===== Input material
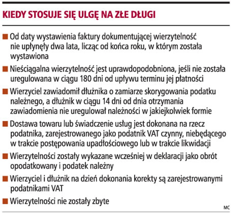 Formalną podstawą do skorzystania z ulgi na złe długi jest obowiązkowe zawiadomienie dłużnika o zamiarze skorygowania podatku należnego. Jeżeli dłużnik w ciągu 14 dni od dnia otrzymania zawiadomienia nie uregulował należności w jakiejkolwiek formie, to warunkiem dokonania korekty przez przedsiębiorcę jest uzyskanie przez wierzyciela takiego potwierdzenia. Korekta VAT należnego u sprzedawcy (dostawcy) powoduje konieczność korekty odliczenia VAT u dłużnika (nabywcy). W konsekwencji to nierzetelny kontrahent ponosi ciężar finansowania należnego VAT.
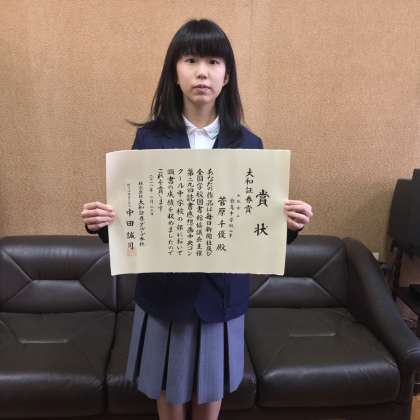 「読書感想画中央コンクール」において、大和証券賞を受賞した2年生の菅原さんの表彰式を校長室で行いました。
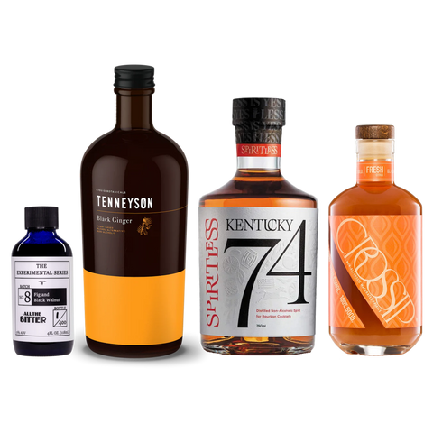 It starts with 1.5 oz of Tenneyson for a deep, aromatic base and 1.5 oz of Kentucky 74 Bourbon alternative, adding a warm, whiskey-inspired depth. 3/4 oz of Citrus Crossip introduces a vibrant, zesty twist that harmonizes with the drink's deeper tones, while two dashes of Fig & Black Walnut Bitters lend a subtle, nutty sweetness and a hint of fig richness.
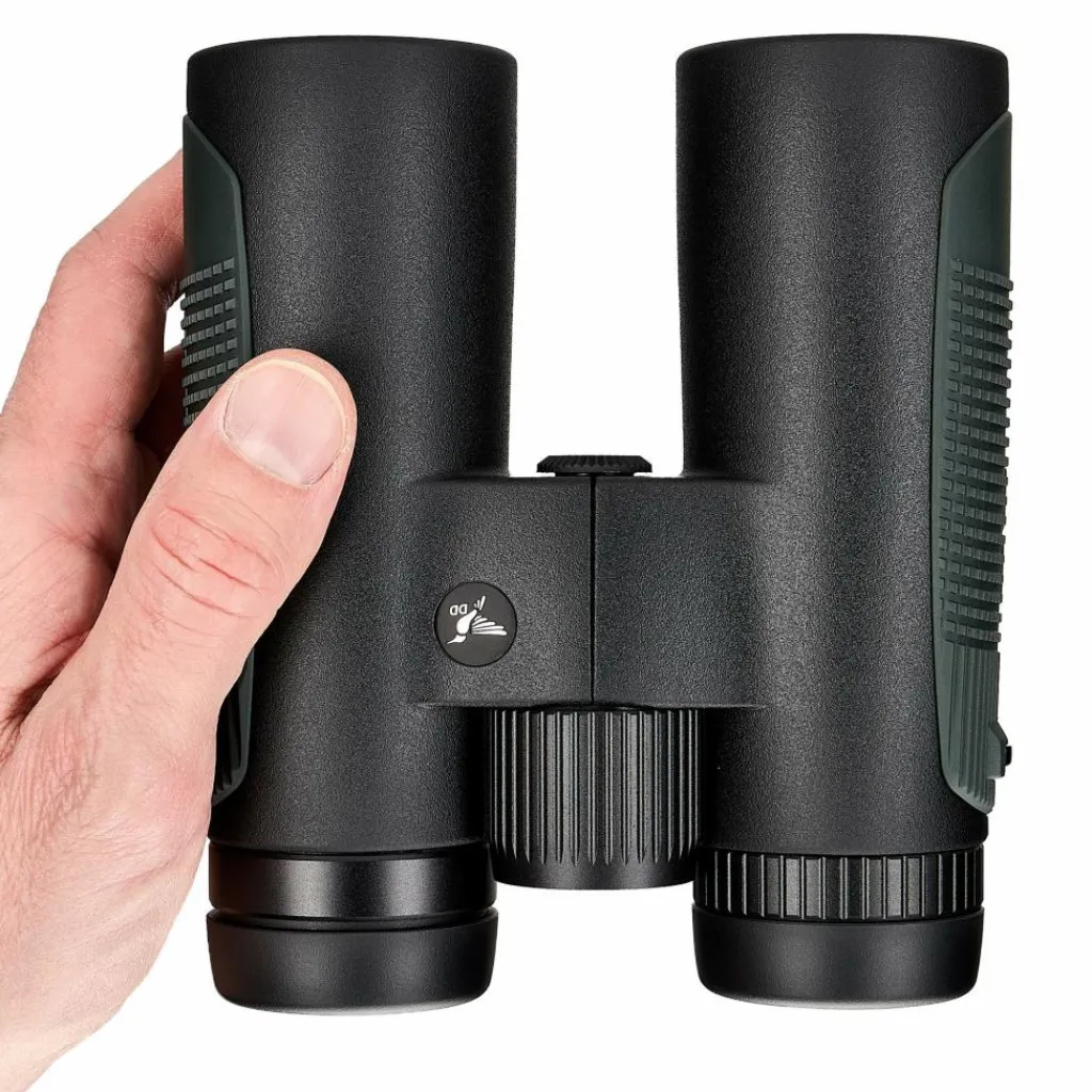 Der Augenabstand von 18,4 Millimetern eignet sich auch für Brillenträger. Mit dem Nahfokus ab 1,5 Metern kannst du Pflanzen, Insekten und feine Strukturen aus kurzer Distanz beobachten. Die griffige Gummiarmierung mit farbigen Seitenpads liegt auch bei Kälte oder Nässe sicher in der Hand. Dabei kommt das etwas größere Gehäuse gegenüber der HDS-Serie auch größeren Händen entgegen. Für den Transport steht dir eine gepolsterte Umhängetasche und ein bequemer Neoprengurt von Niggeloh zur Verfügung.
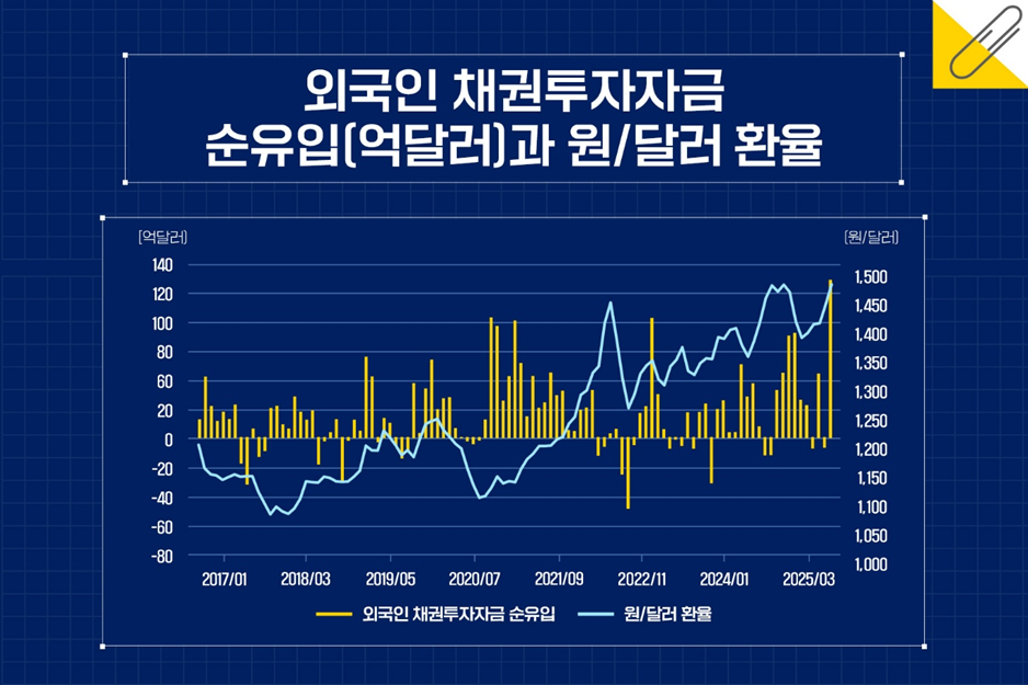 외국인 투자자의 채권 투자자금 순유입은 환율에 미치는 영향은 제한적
==========
===== Input material
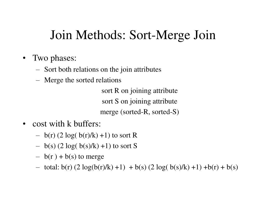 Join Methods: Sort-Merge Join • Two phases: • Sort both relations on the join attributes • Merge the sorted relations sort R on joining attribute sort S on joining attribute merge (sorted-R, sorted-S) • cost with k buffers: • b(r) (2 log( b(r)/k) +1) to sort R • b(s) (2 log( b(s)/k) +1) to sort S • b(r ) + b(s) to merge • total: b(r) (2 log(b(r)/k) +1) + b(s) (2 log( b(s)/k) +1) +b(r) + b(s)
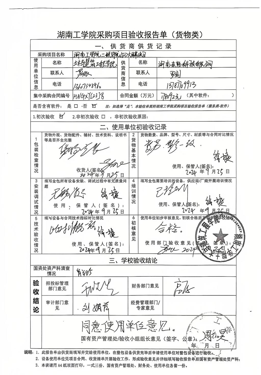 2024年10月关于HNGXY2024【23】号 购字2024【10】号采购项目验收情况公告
==========
- Your task
A clean copy is needed of the lines above from the one with "Der Augenabstand von" up to and including the one with "외국인 투자자의 채권 투자자금 순유입은 환율에 미치는 영향은 제한적". Please set it down exactly, with no pictures.

- Output for this task
 Der Augenabstand von 18,4 Millimetern eignet sich auch für Brillenträger. Mit dem Nahfokus ab 1,5 Metern kannst du Pflanzen, Insekten und feine Strukturen aus kurzer Distanz beobachten. Die griffige Gummiarmierung mit farbigen Seitenpads liegt auch bei Kälte oder Nässe sicher in der Hand. Dabei kommt das etwas größere Gehäuse gegenüber der HDS-Serie auch größeren Händen entgegen. Für den Transport steht dir eine gepolsterte Umhängetasche und ein bequemer Neoprengurt von Niggeloh zur Verfügung.
 외국인 투자자의 채권 투자자금 순유입은 환율에 미치는 영향은 제한적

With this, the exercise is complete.